With Devin Singletary as the Bills’ main rusher, Dillon would provide some balance to their ground game. Singletary was a rookie out of Florida Atlantic last year—another under-the-radar program—and earned a similar prospect grade to Dillon from NFL.com. At 5-foot-7 and 203 pounds, Singletary is much smaller than Dillon and focuses his run game on finesse. Adding Dillon to the roster would provide some much-needed size and power to the Bills’ backfield, as he’s shown his ability to drive right through defenses for big gains.
It’s hard to find any drawbacks here for Dillon, as he’d likely get reps right away. He’s the kind of rusher that the AFC East isn’t used to seeing, as the ground game in that division is led by guys such as Sony Michel, Jordan Howard, and Le’Veon Bell, all of whom are at least 25 pounds smaller than Dillon.
Chad Reuter of NFL.com: Dillon Taken by LA Chargers at No. 112
Reuter’s is the highest projection for Dillon at No. 112. Dillon would be a huge get for the Chargers, as their depth chart currently only has two running backs: Austin Ekeler and Justin Jackson. This situation would give Dillon the chance to get lots of reps from the get-go, giving him the chance to prove his worth as a potential starter.

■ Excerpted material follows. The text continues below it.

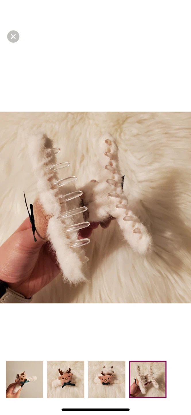 601This adorable reindeer hair claw clip is the perfect accessory to add a touch of whimsy to your look! It features a cute reindeer design with soft, furry accents and a little green bow. It's in great condition and ready to find a new home! Pick up: Suntea on Kingsway Royal Oak skytrain station Metrotown Mall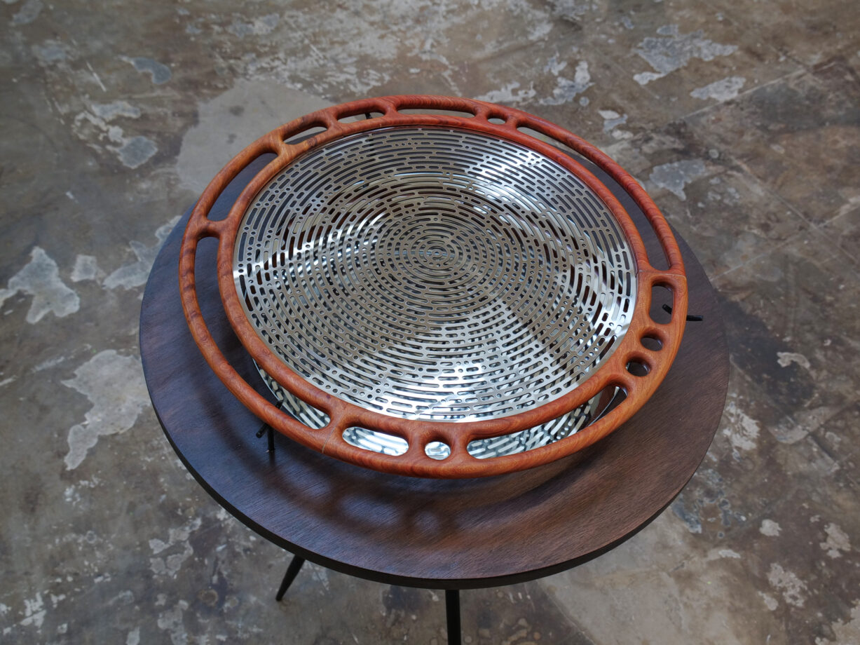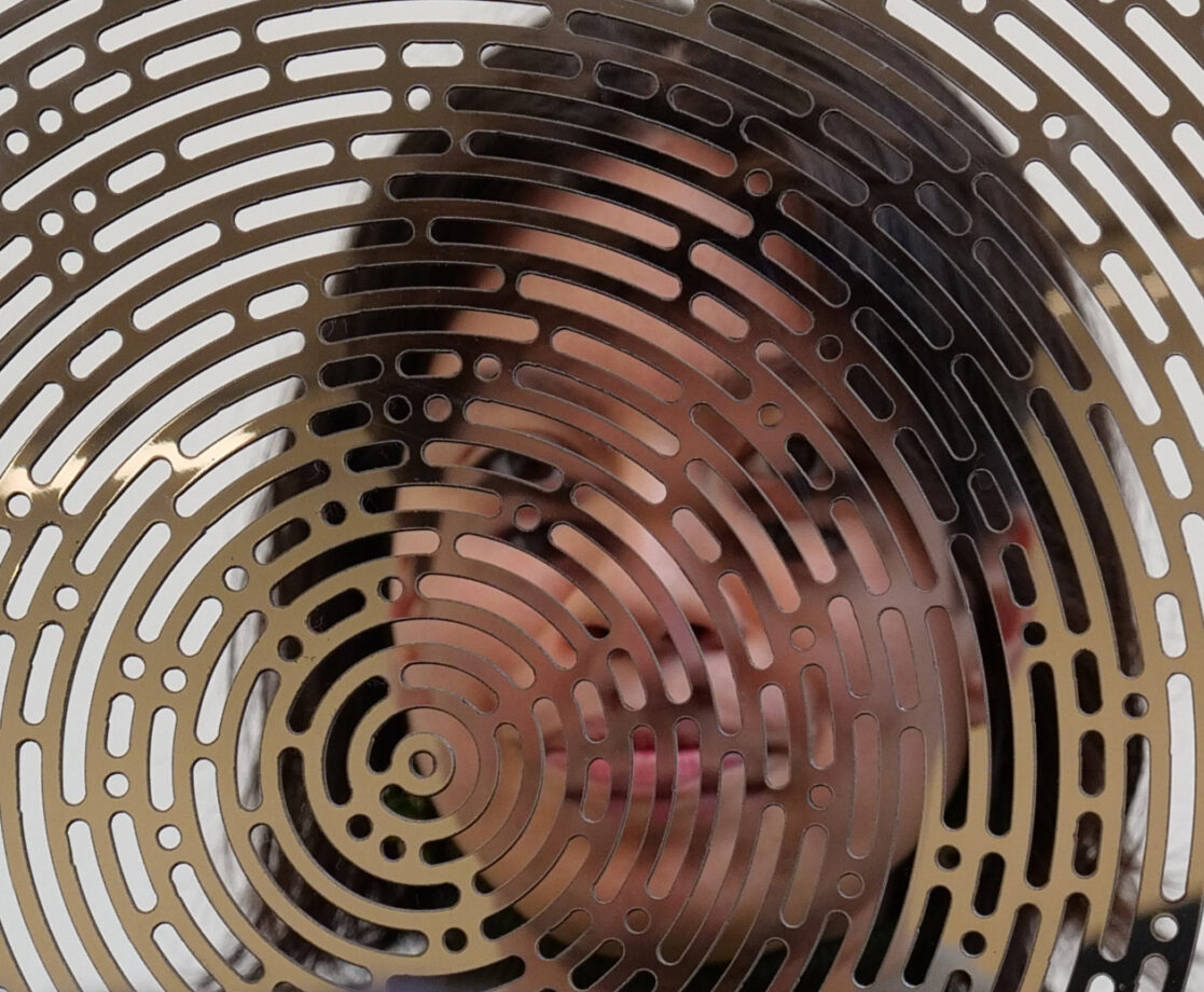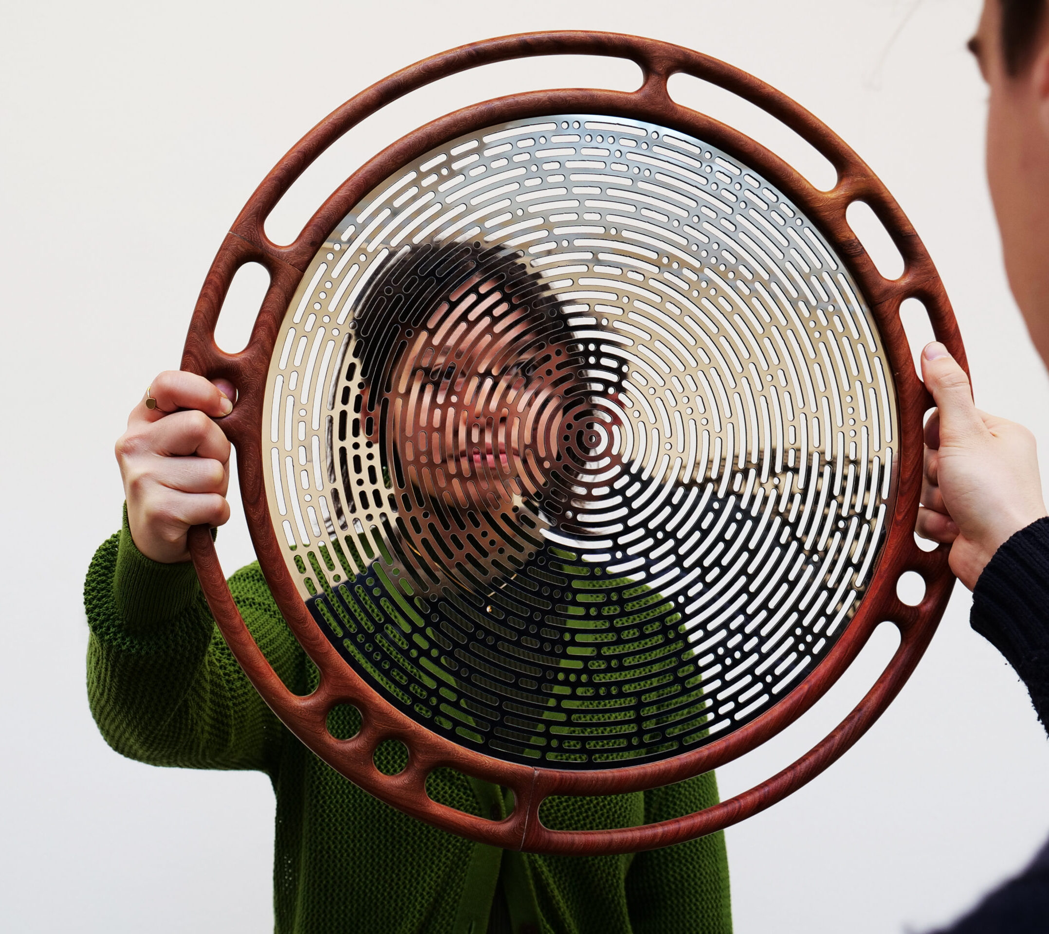 Quantum Mirror allows the concept of quantum state to be experienced through the gaze of two observers. A double-sided mirror, from which an algorithmic pattern is cut out, is held simultaneously by two persons opposite to each other. While one sees 50% of their own reflection, the other 50% are the direct image of the other one’s face. The uncanny image produced of the two persons merged into one, echoes the concept of superposition from quantum mechanics.

In a 2016 interview with Chargers.com, then-offensive coordinator Ken Whisenhunt said the team’s main focus in the upcoming season was going to be to improve the run game through sustained drives. Not much changed in his tenure, which ended in October of 2019, and the Chargers still lack a consistent running game.
The addition of a solid running corps would also better the quarterback’s chances by making play action more believable. And with the departure of Phillip Rivers to Indianapolis in the offseason, the Chargers will look for a rookie QB to take his place. It’ll undoubtedly take time for the quarterback to adjust—as it does with any quarterback in a new offense—and the dependability of Dillon’s run game would be a huge help to get things moving on offense in the meantime.
Overall, Dillon isn’t projected to hear his name called on the first or even the second day. But analysts have been wrong in the past—in fact, it’s nearly impossible to predict every single draft selection correctly. Wherever Dillon ends up, he’ll have to continue to prove himself as an offensive weapon to work his way up the depth chart. All he can do now is wait.